Village in Wrexham County Borough, Wales

Llanarmon Dyffryn Ceiriog (often referred to as Llanarmon DC or locally simply as Llanarmon) is a village in Wrexham County Borough, Wales. It lies on the River Ceiriog and is at the end of the B4500 road, 5 mi south-west of Glyn Ceiriog and 10 mi north-west of Oswestry. It is within the Ceiriog Valley ward, Clwyd South Senedd constituency and Montgomeryshire and Glyndŵr UK parliamentary constituency. It is in the community of Ceiriog Ucha ("Upper Ceiriog").

== Name ==
The name Llanarmon Dyffryn Ceiriog roughly translates into English as "the church of St Garmon in the valley of the river Ceiriog".

Although known locally simply as 'Llanarmon', the addition of 'Dyffryn Ceiriog' or 'DC' is necessary to distinguish it from other villages named Llanarmon, such as Llanarmon-yn-Iâl, which was also in Denbighshire, and the remote rural parish of Llanarmon Mynydd Mawr, around 5 miles to the south on the high slopes of the Tanat Valley.

==History and landscape==
The village grew up at the intersection of several drovers' roads which forded the River Ceiriog. It still has two inns, the Hand and the West Arms, which originally served drovers taking their flocks to market: the inns' names are a reference to the armorial bearings of two prominent landowning families, the Myddletons of Chirk Castle and the Wests of Ruthin Castle. It also has an ancient tithe barn, now converted into a dwelling house.

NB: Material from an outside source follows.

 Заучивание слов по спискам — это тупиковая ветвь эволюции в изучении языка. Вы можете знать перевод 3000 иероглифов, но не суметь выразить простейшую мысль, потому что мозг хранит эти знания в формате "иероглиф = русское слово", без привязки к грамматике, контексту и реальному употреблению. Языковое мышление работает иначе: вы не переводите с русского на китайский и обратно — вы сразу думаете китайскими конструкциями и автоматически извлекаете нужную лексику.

The village church of St Garmon was possibly named after Germanus of Auxerre, though there have been suggestions of an alternative St Garmon. The original church was reputedly founded in the 5th century, and rebuilt in the medieval period. It was, however, largely demolished and rebuilt in 1846, and nothing remains of its earlier fabric. A hoard of coins of the reign of Edward IV was found during the demolition.

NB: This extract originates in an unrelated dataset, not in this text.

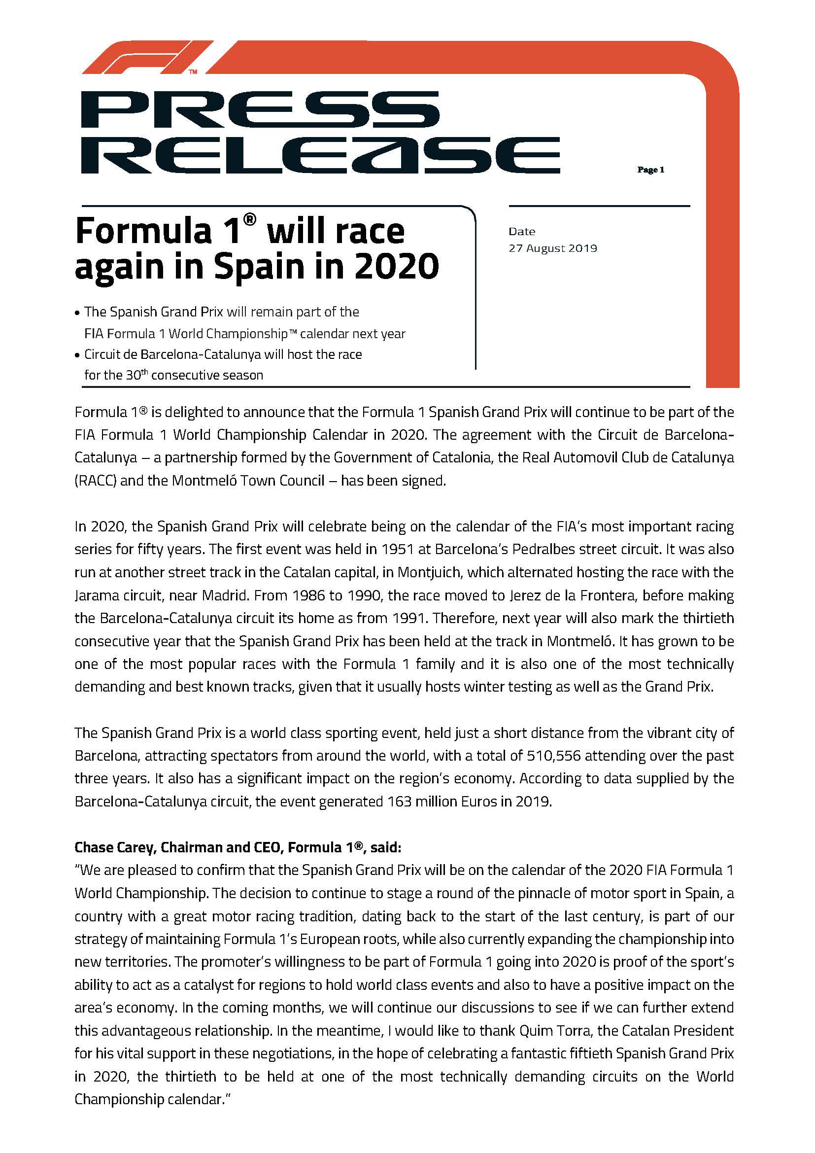 “Cataluña será la anfitriona de un GP de Fórmula 1 por trigésima vez consecutiva. Cataluña es un país con una gran tradición en el automovilismo y nos complace fortalecer y mantener nuestro clásico evento de fanáticos. En el transcurso de estos 30 años, hemos integrado este evento con las políticas industriales del gobierno, y el GP de Fórmula 1 en el Circuito Barcelona-Catalunya es una herramienta importante para estimular la actividad económica en el país en términos de turismo y entretenimiento. Además, tenemos la oportunidad de mostrarle al mundo cómo somos los catalanes, cómo trabajamos y cómo es el país. Por todas estas razones, damos la bienvenida a la continuación de la Fórmula 1 en nuestro país de origen “, dijo Quim Torra, presidente de Cataluña. .

The churchyard contains a mound, the Tomen Garmon, which may be of Bronze Age origin, accompanied by ancient yew trees.

Llanarmon Dyffryn Ceiriog is situated in the upper Ceiriog Valley, which is known both for its high landscape value, being extremely scenic and dominated by traditional agricultural use, and as a strong centre of Welsh culture. In the 2001 census of neighbourhood Wrexham 019B, containing the village, 55.1% of residents were found to have knowledge of the Welsh language, against 28.4% in Wales as a whole.

==Administration==
===Civic history===
From the mid-16th century until 1974, Llanarmon Dyffryn Ceiriog was governed by the then administrative county of Denbighshire, which was divided into various rural districts. From 1895 to 1935, Llanarmon Dyffryn Ceiriog was in the Llansillin Rural District, which merged in 1935 with Chirk Rural District to form the Ceiriog Rural District. Llanarmon Dyffryn Ceiriog was in the Ceiriog Rural District from 1935 to 1974.

In 1974, Denbighshire was abolished as an administrative county, and Llanarmon Dyffryn Ceiriog was incorporated into the Glyndŵr District of the new county of Clwyd. Clwyd and Glyndŵr District were dissolved in 1996, and Llanarmon Dyffryn Ceiriog became a part of the new unitary authority of Wrexham County Borough, in which it remains to the present day.

===Political representation===
Llanarmon Dyffryn Ceiriog is in the Ceiriog Valley ward of Wrexham County Borough Council, and has an Independent councillor.

Since 2011, Llanarmon Dyffryn Ceiriog has been represented at the Senedd by Ken Skates, the Labour Party Member of the Senedd for Clwyd South. Since 2024, it has been represented at the UK Parliament by Steve Witherden, the Labour Party MP for Montgomeryshire and Glyndŵr.

==Notable residents==
The Welsh poet John Ceiriog Hughes was born at Pen-y-Bryn Farm at Llanarmon Dyffryn Ceiriog in 1832, and spent his childhood there.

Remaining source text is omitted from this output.